PROBLEM DETAILS
Please copy out the entries below exactly, beginning with the line that contains "MONACO, автомойка по" and ending with the line that contains "Selling a Banister", and include nothing outside that span.

RECORD EXCERPTS
:::::

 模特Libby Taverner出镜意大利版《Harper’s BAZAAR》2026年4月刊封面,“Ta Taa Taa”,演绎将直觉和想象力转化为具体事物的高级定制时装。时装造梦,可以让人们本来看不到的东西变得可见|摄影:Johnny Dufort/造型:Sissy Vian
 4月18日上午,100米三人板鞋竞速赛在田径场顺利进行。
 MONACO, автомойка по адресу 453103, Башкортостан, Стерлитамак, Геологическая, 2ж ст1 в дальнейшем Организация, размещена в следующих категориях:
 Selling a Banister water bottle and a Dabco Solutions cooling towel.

:::::

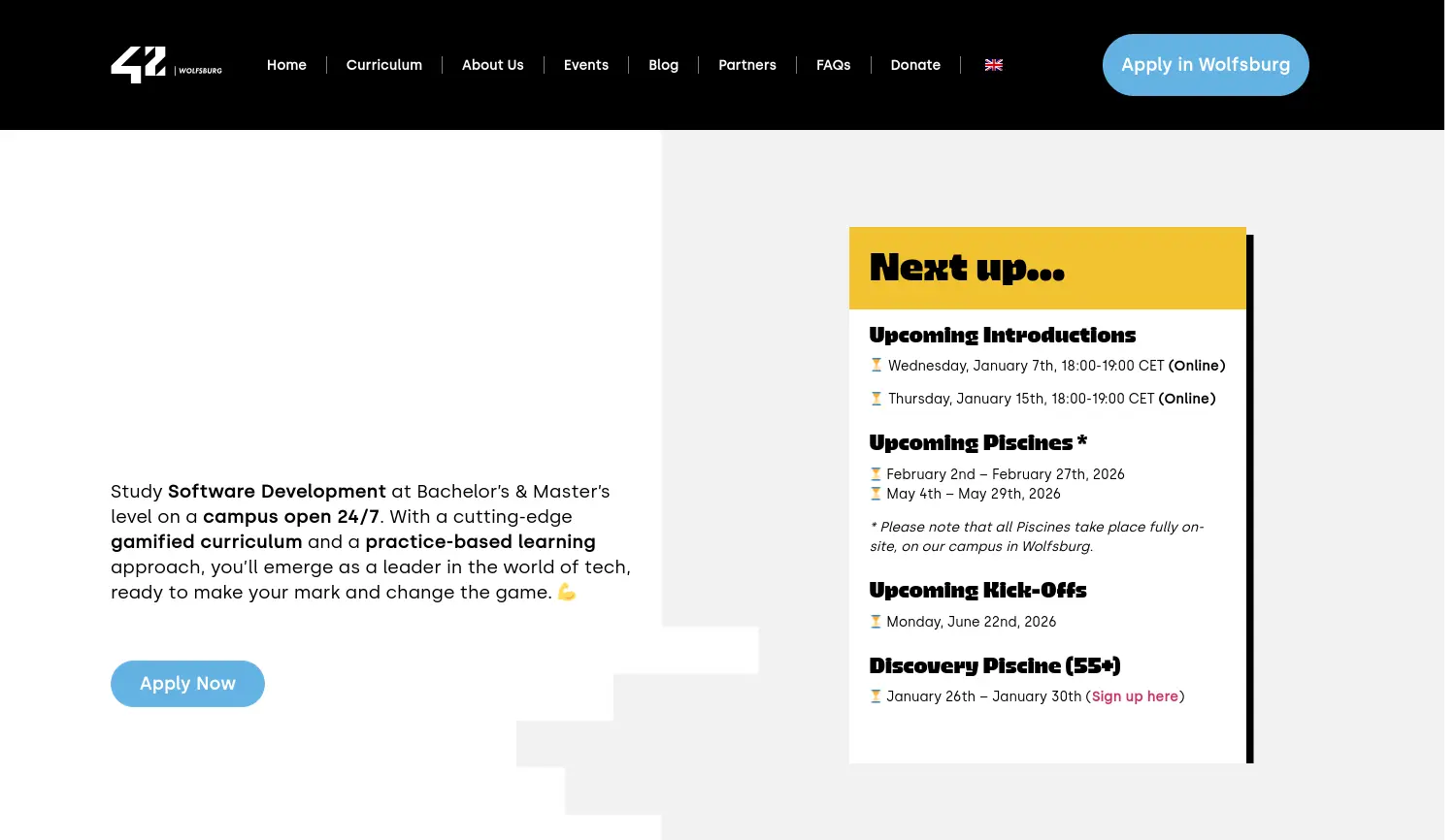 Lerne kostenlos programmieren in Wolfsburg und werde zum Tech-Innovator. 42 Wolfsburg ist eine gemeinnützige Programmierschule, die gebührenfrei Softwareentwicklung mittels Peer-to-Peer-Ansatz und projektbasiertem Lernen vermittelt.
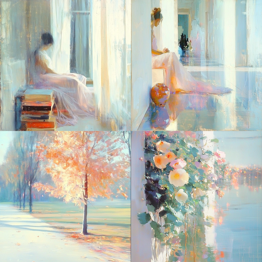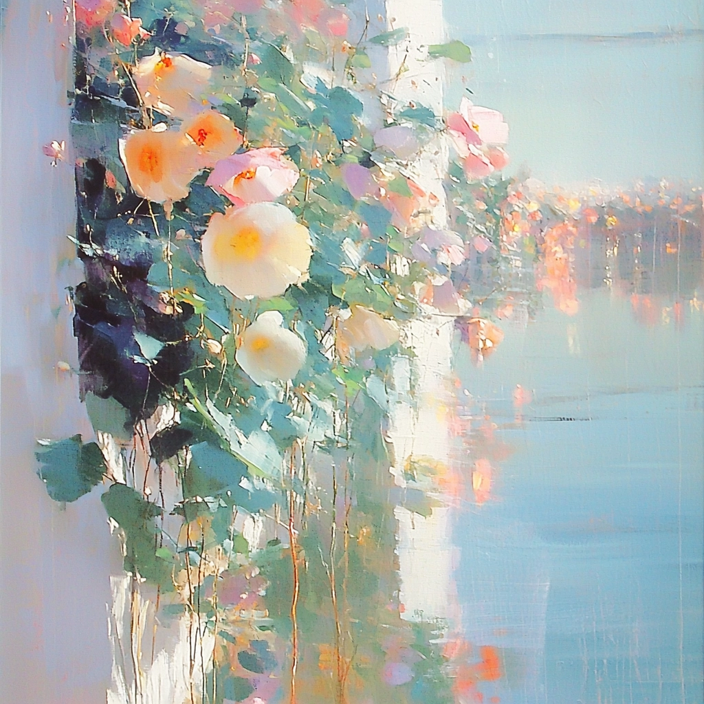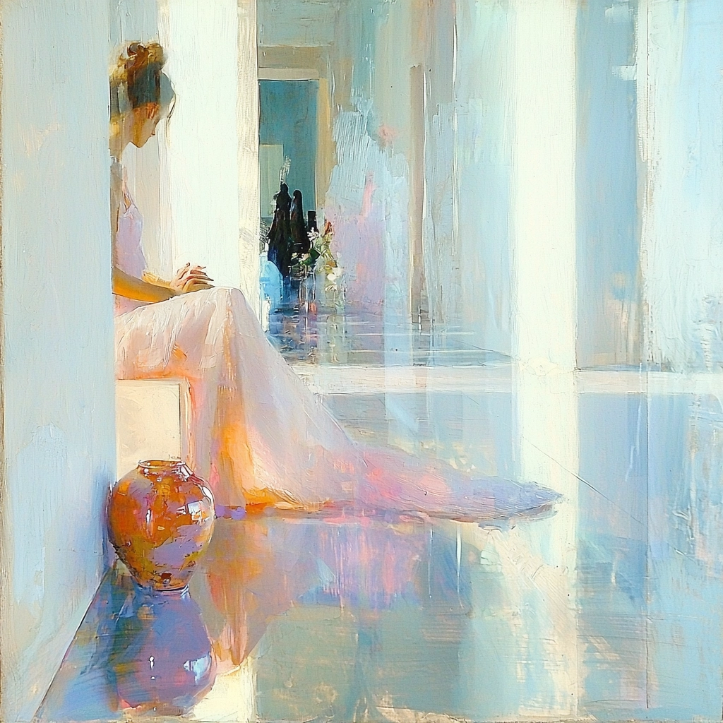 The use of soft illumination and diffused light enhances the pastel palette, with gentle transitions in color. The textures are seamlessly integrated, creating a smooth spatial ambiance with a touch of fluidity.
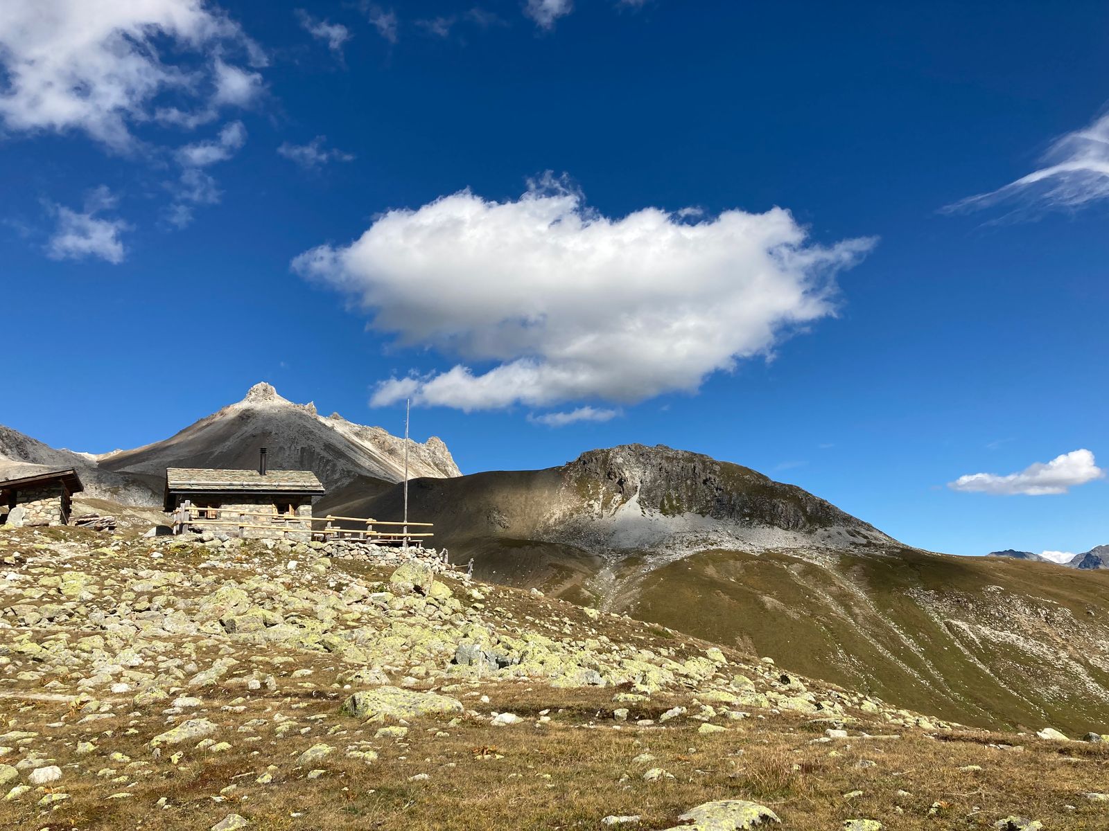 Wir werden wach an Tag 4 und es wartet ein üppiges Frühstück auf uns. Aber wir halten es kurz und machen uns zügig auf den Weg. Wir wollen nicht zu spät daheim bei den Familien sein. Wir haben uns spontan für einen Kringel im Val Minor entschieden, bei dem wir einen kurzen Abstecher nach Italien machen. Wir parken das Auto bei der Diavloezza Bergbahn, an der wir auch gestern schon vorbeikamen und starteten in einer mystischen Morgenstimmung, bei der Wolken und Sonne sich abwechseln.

:::::

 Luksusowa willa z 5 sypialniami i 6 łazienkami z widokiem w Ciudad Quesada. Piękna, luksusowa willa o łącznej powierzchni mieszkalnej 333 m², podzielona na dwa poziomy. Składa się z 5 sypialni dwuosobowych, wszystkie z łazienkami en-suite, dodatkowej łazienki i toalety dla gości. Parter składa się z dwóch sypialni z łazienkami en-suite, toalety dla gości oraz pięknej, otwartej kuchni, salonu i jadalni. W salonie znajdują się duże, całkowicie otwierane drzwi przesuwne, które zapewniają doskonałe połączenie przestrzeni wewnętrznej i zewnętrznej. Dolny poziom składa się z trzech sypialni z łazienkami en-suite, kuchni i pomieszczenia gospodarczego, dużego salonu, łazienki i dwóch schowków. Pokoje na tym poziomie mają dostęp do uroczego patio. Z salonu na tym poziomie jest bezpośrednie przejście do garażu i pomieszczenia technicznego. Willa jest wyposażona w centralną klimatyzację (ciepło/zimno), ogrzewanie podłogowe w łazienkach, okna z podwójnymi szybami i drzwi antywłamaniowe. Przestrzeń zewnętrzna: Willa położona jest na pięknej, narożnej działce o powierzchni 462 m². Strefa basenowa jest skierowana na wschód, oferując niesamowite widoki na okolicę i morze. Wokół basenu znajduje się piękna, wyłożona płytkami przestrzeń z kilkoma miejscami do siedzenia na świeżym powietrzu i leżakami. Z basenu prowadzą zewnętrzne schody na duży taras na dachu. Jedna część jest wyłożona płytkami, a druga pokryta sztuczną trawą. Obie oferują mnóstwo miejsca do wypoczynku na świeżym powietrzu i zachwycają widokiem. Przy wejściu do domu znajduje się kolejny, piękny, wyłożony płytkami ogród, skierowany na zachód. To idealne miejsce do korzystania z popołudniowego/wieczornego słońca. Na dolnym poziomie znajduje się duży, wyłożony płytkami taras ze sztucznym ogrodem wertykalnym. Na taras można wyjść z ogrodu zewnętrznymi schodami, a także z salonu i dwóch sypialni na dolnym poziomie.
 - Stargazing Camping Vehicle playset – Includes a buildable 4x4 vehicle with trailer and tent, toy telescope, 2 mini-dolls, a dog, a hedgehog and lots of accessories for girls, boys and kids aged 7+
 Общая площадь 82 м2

:::::

EXERCISE RESPONSE
 MONACO, автомойка по адресу 453103, Башкортостан, Стерлитамак, Геологическая, 2ж ст1 в дальнейшем Организация, размещена в следующих категориях:
 Selling a Banister water bottle and a Dabco Solutions cooling towel.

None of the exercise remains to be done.